“I had a fancy, Dr. Beaulieu; I had a fancy! It suited me to make my revenge a less obvious thing than striking down the old friend who had betrayed my love and confidence, a less obvious thing than striking down the other man—the man whose face was in the locket.”

As he spoke he took from his pocket a locket. He opened it, and gazed upon the face. The healer half rose from his chair, and then sank back, with a hoarse, inarticulate murmur. His face had turned livid, and he trembled in every limb. It was evident that the missing scene which he had sought before had suddenly been flashed upon the cinema screen of his recollection. He remembered, now——

“It was my fancy, Dr. Beaulieu, to make one of them take revenge upon the other, that I might thus be revenged upon them both.”

He suddenly rose, and forced the locket into the healer's nerveless grasp.

“That face—look at it!” he cried, towering over the collapsed figure before him.

Compelled by a will stronger than his own, Dr. Beaulieu looked. It was the counterfeit presentment of himself within. It fell from his trembling fingers and rolled upon the floor. The cultist buried his face in his hands.

The other man stepped back and regarded him sardonically for a moment or two.
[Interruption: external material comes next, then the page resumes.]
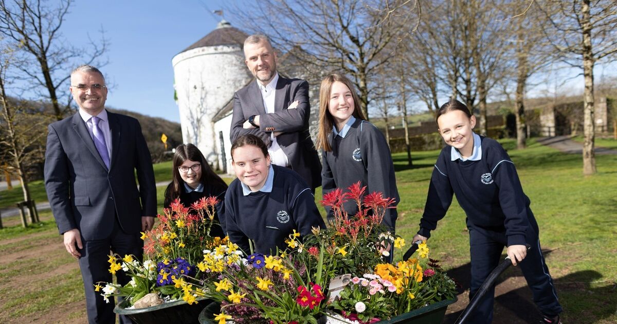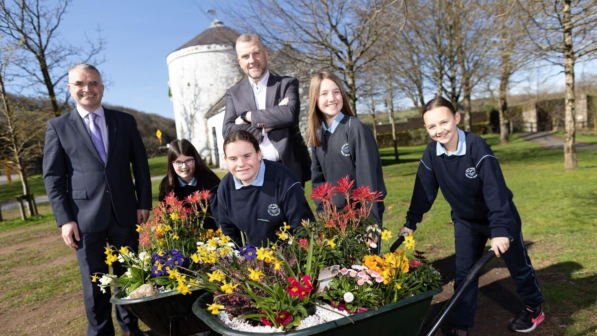 Monika Vondrackova, Clara Moynihan, and Hailey O’Callaghan with rural and community development minister Dara Calleary, far left, and SuperValu managing director Luke Hanlon launching the 2025 SuperValu Tidy Towns competition in Ballincollig.

“I should not wonder,” he said, “if the man who used to be my best friend would pay you a visit before long—perhaps in an hour, perhaps in a week, perhaps in a month.”

He picked up the dagger again, and toyed with it.

“This thing,” he said, impersonally, trying the point upon his finger, “is sharp. It would give a quick death, a sure death, an almost painless death, if one used it against another man—or against one's self.”